DATA EXTRACT Block Start
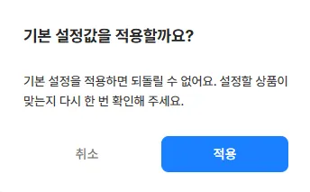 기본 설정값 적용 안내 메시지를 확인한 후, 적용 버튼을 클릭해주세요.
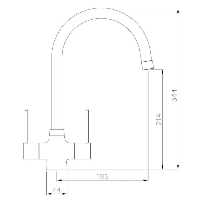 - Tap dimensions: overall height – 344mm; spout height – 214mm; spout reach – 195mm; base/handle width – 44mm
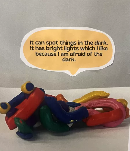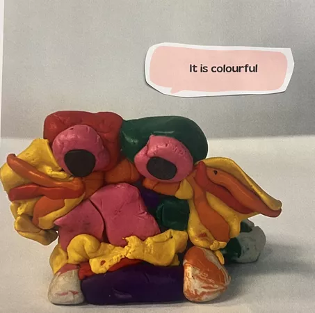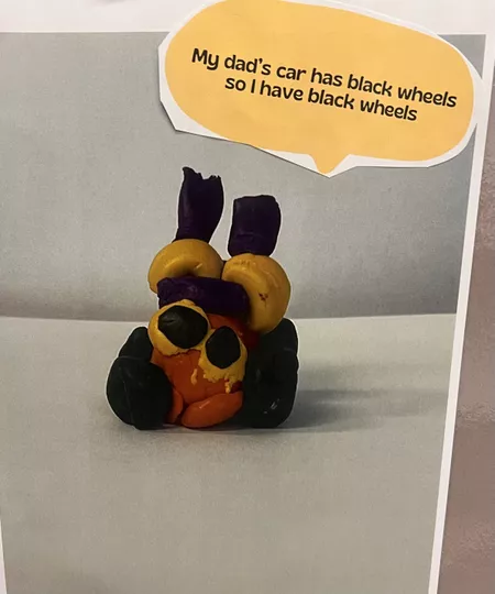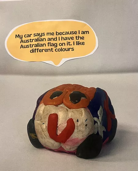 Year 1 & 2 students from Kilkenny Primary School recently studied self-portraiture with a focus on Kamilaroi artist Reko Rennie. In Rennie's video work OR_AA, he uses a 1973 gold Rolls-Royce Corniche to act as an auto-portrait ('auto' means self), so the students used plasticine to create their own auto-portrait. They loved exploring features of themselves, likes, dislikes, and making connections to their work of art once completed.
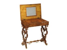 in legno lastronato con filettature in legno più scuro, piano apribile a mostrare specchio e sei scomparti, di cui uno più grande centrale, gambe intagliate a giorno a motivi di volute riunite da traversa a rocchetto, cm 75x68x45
DATA EXTRACT Block End
TASK BRIEF | Each line of the data must be restated exactly, and the pictures must be left out.

SOLUTION TO THIS EXERCISE |
 기본 설정값 적용 안내 메시지를 확인한 후, 적용 버튼을 클릭해주세요.
 - Tap dimensions: overall height – 344mm; spout height – 214mm; spout reach – 195mm; base/handle width – 44mm
 Year 1 & 2 students from Kilkenny Primary School recently studied self-portraiture with a focus on Kamilaroi artist Reko Rennie. In Rennie's video work OR_AA, he uses a 1973 gold Rolls-Royce Corniche to act as an auto-portrait ('auto' means self), so the students used plasticine to create their own auto-portrait. They loved exploring features of themselves, likes, dislikes, and making connections to their work of art once completed.
 in legno lastronato con filettature in legno più scuro, piano apribile a mostrare specchio e sei scomparti, di cui uno più grande centrale, gambe intagliate a giorno a motivi di volute riunite da traversa a rocchetto, cm 75x68x45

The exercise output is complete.